Le Polisario monte au front
Pour d’autres, s’en est bien assez…Dans les provinces du sud, certains militants pro*polisario ne veulent tout simplement pas de ces forages alors que plusieurs grands groupes ont d’ores et déjà annoncé des projets d’exploitation dans la région. Dès cette année, Cairn Energy et Kosmos Energy devraient forer dans la zone offshore centrale de la côte sahraouie connue sous le nom du « Bloc Boujdour ». Des intentions qui ne plaisent guère au gouvernement de la République Arabe Sahraouie Démocratique (RASD). Il a récemment averti les deux groupes pétroliers par courrier privé que « leurs activités constituaient une violation du droit international ». Eric Hagen, président de l’observatoire Western Sahara Ressource Watch (WSRW) dénonce un manque de transparence. « Il est évident que le Maroc ne lèvera pas le petit doigt pour évaluer les souhaits de la population de réfugiés, ce qui signifie que les seules personnes qui ont été théoriquement consultées aujourd’hui sont déjà favorables à la présence marocaine au Sahara occidental. Ces opérations commerciales sont contraires à l’éthique ». Des accusations qui ne sont pour l’instant que des procès d’intention.

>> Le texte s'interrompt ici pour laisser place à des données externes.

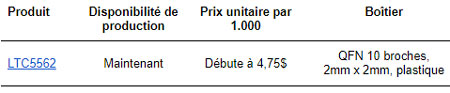 Le LTC5562 est présenté dans un petit boîtier plastique QFN de 10 broches, 2mm x 2mm. Le composant est conçu pour fonctionner avec une température de boîtier de –40°C à 105°C. Une broche de validation permet à un contrôleur externe d’arrêter le mélangeur afin d’économiser plus de puissance. Lorsqu’il est désactivé, le composant consomme un courant typique de seulement 10µA. Échantillons et quantités de production sont disponibles immédiatement.
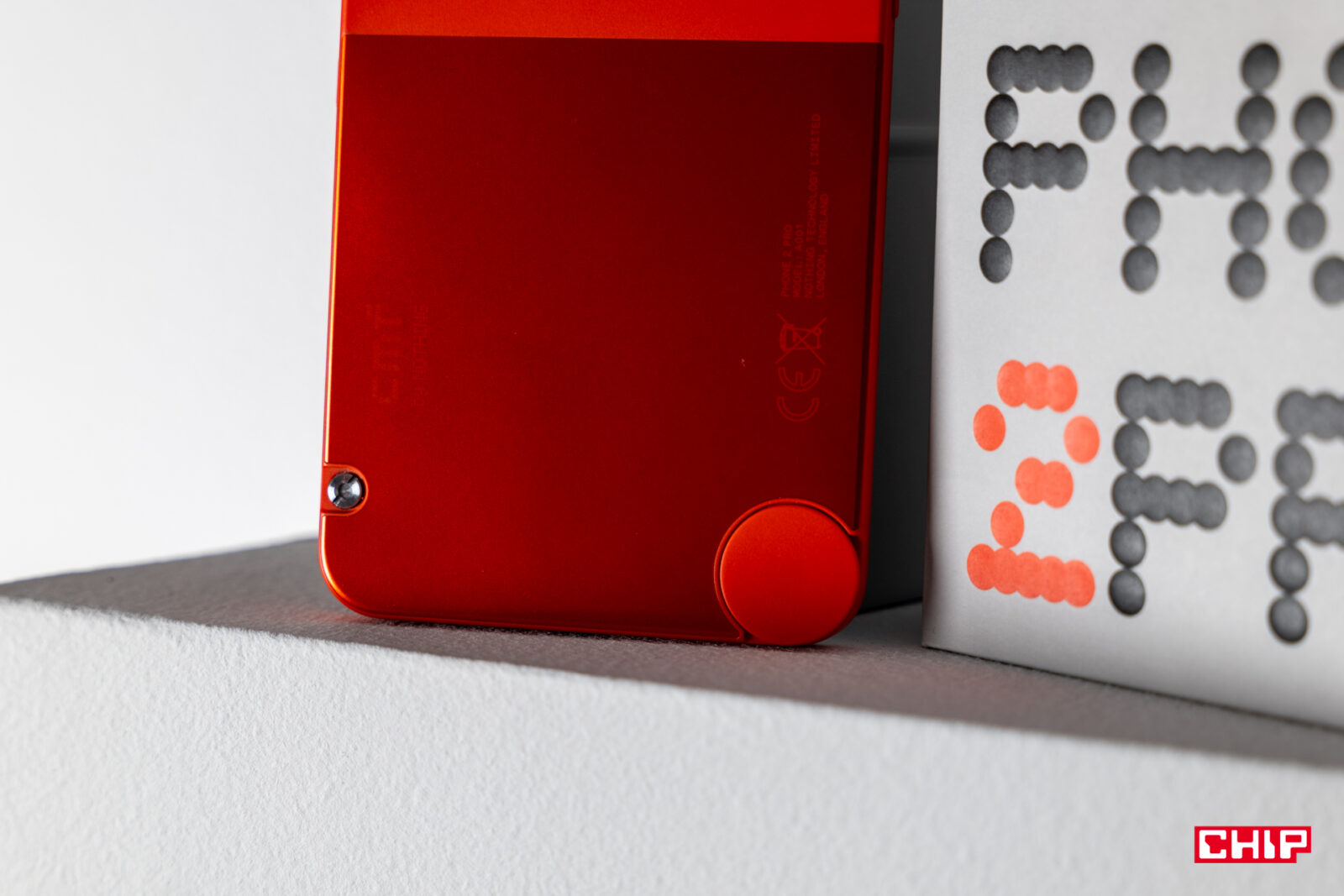 Tył obudowy CMF Phone 2 Pro jak na razie nie zebrał jednak żadnych rys, za to dość skutecznie gromadzi i uwypukla odciski palców. Jak na estetyczne urządzenie to dość niefrasobliwy wybór. Na tym jednak kończą się wady tej bryły. Udało się ją zabezpieczyć zgodnie ze standardem IP54, co rekordem nie jest, ale i tak warto to odnotować przy tej ilości ruchomych elementów. Co prawda tylnej klapki nie zdejmiemy, ale odkręcić śrubki jak najbardziej możemy, bo to one pomogą zamontować dodatkowe etui.

Le Maroc a envoyé des déclarations de principes à l’ONU en vue d’exploiter les ressources pétrolières dans le Sahara. Ces déclarations de principes ont été signées avec les représentants de Total Maroc et ceux de l’entreprise américaine Kosmos Energy. Les deux communiqués indiquent que l’exploitation des ressources naturelles d’hydrocarbures dans la région du Sahara « se fera conformément aux principes énoncés dans la Constitution marocaine et aux normes internationales » et que la population locale sera consultée dans ses projets, dont elle « bénéficiera effectivement et équitablement ».
La chasse au pétrole n’a donc pas fini de faire parler d’elle. En cas de découverte importante de pétrole, il faudra encore 8 à 12 ans avant de pouvoir réellement en produire. Une chasse longue, coûteuse et à haut risque mais qui pourrait peut-être un jour permettre au Maroc de réduire ses importations de pétrole, qui s’élèvent à plusieurs milliards de dirhams par an.